献身日記

2006/8/24 | 投稿者: losthouse

方南町で流行りのやきとん屋は今日も大繁盛、満席で断られ、仕方が無いので近くにあったチェーン居酒屋で安酒、養老ビールいっぽんください、と異常に冷房のきいた店内で震えながら飲む。

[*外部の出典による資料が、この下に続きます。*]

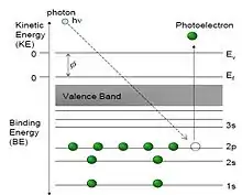 انرژی پرتو ایکس تابیده شده به ماده، صرف غلبه بر انرژی پیوند با رساندن آن به تراز فرمی BE، سپس غلبه بر تابع کار Φ و نهایتاً انرژی جنبشی لازم KE به سرعتی که الکترون کسب کردهاست، خواهد شد. بهطور ساده: hʋ = KE + BE + Φ
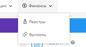 При переходе к разделу Финансы в главном меню требуется выбрать из выпадающего списка один из подразделов: Реестры или Выплаты.
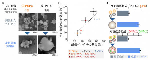そこで本研究では、疎水性尾部の構造が僅かに異なる3種類のリン脂質(POPC、PLPC、DOPC)を材料にして小さなベシクル(用語5)を作製し、凍結・融解が及ぼす影響を多角的・定量的に比較しました。その結果、凍結融解サイクルがリン脂質ベシクルのサイズの成長を引き起こすことに加え、成長効率がリン脂質の組成に大きく依存することを発見しました(図3A)。疎水性尾部に不飽和結合がより多い膜組成ほど、より高頻度でサイズが成長すると同時に、リン脂質や内包分子など構成成分の混合もより効率よく起きる傾向が示されました(図3B)。この相関関係は、凍結・融解で生じた成長ベシクルが、成長に有利な組成を引き継ぐ可能性を意味します。

広くもないけど狭くもない店内に接客係の女の子がひとりきり、満員の酔客たちに無理な注文をいわれ散々こき使われても嫌な顔ひとつせず、笑顔で応対、店内を急ぎ走り手際良く皿や杯を運ぶその姿はまるで戦場のナイチンゲール、健気で献身的な彼女に僕は全面的に感激、共感、次にマグロのカマ焼きを運んで来たときに結婚を申し込もう、とそわそわして待っていて、来た、「まぐろかまでーす」って彼女が持って来た皿がテーブルの上どんと置かれ、しめさば用の醤油皿の上に丁度乗っかって、醤油皿の中には勿論醤油がはいってるから、その勢いでテーブルの周囲に醤油が飛散、「あーあー」って僕らが困惑していると向かいのテーブルから「すんませーん」って声がして、「はいただいまー」って彼女は僕らの戸惑いを宙吊りにしたまま戦場を駆け抜けて去って行くのだった。
それでもいい、どうでもいい。ホスピタリティ・オン・パレード。